This vintage hand-crank grinder is made of tamarisk wood, with hand-engraved silver melange adornment, hand carved camel bone embellishments, and numerous antique coins. Entirely handmade, this grinder was used by southern Morocco nomads while traveling and crossing the Sahara desert. We sourced the item from Zagora, Morocco, where the item has been handed down.
The coins are pounded but two are identifiable as a bronze/copper Moroccan falus, dating them to pre-1901, as this marked the end of falus production. The front of the grinder has a removable drawer, with two coins on each side, one of silver the other of copper. The front has rudimentary engraved silver designs, with additional silver rivet accents. Both sides of the grinder have decorative silver designs with brilliant red pieces of coral in the middle.

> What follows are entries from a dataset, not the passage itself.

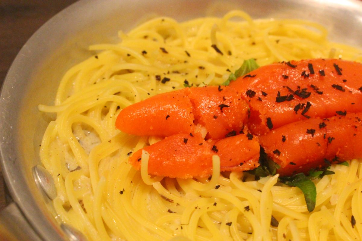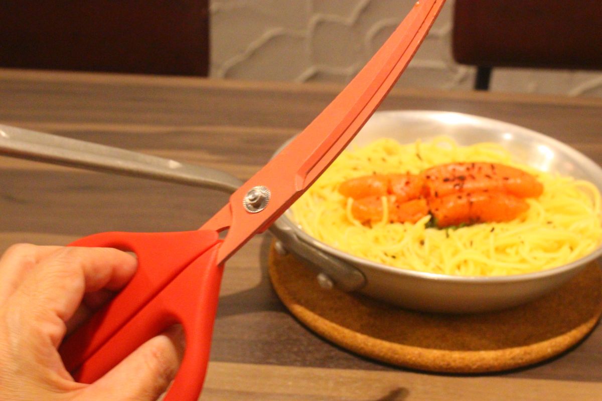 料理には、パスタを取り分けるトングと一緒にハサミも添えられています。これはトッピングの明太子をカットして食べやすくするためとのこと。この“お客がひと手間かける演出”が、写真や動画を撮影する人に大好評なのだとか。明太子を輪切りにするか、大胆に縦にカットするかは、お好みで!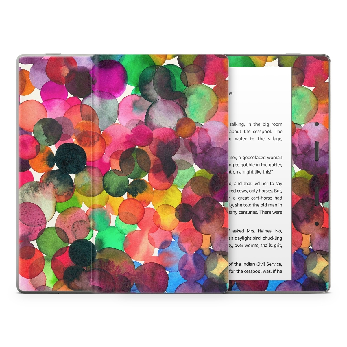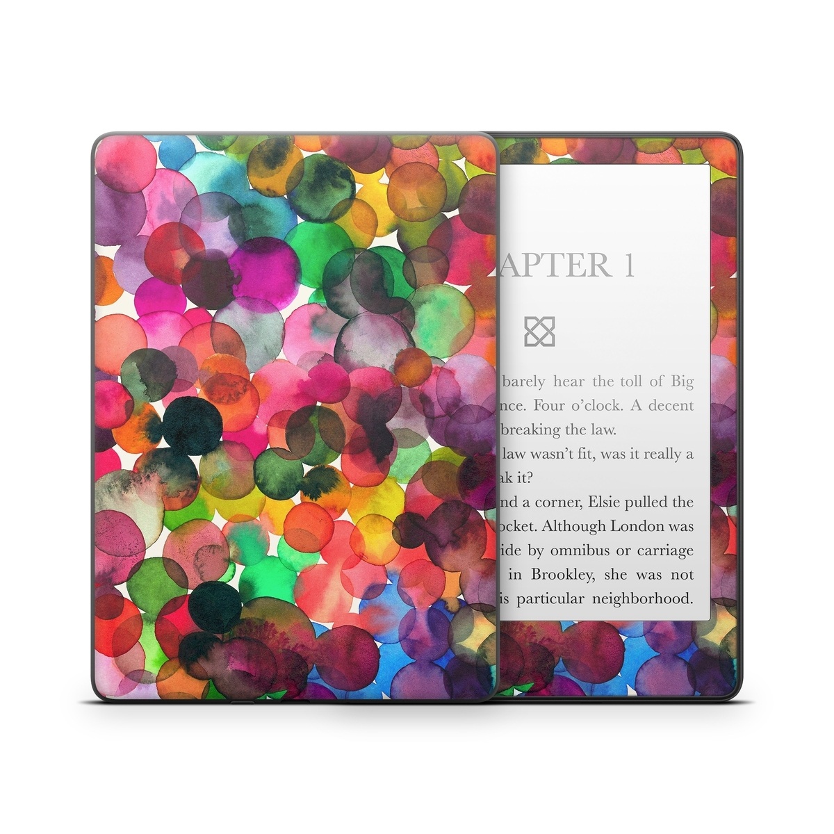 iStyles Amazon Kindle Series Skin design of Colorfulness, Fashion accessory, with red, white, pink, purple, blue, green, black, yellow, orange colors, and tagged with patterns, abstract, bright, colorful, dots, drops, vivid, watercolor.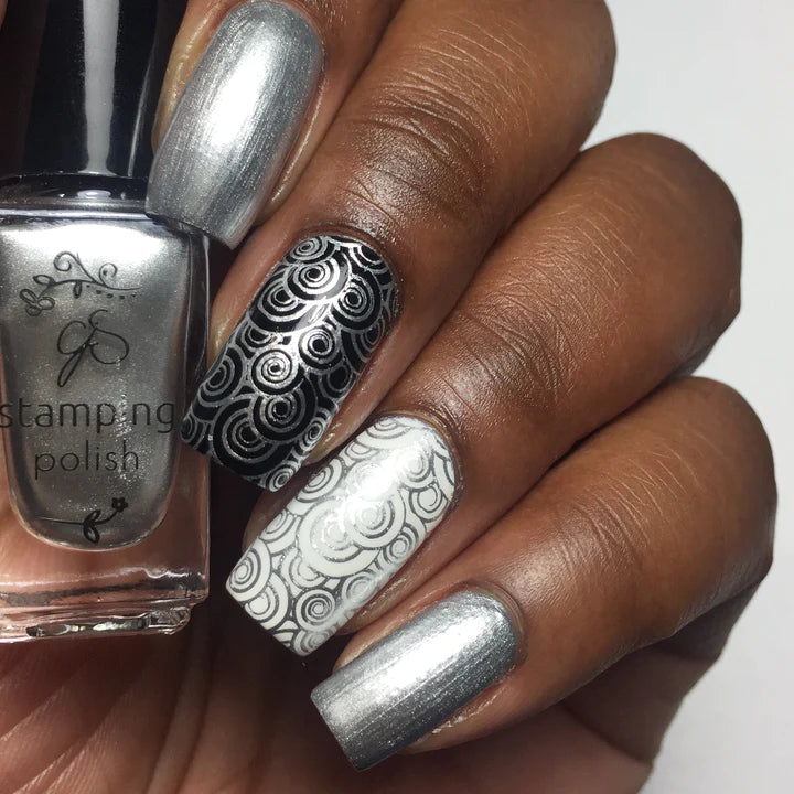 Generously pigmented silver stamping polish which is better than 2nd place... it's a show stopper!.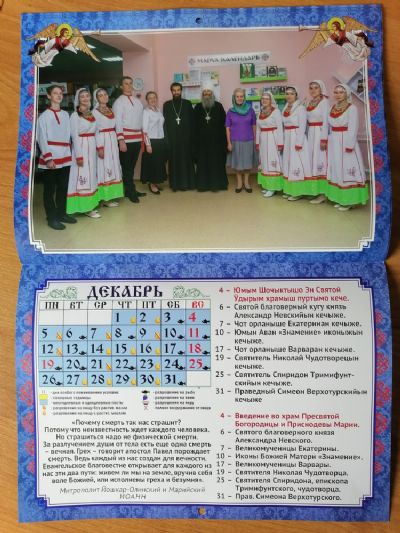 В преддверии Дня марийской письменности Марийская митрополия выпустила два православных настенных календаря на 2022 год. Это совместный проект Переводческой комиссии и Информационно-издательского отдела митрополии.

On the back, a large silver star is surrounded by four antique coins, the aforementioned falus. In the middle of the star there is a large malachite gemstone. The top is a combination of metalwork techniques: extensive embossed brass, hand-hammered by a native; repousse silver melange; and hand-beaded brass. Four triangles of camel bone are on each corner, carved with the traditional Moroccan evil eye. One side of the lid opens, and the brass handle turns easily.
Used for grinding coffee or spices, this objet d'art is still fully functional. This objet d'art is entirely handmade by native Moroccan Berber artisans. It is early to mid-20th century.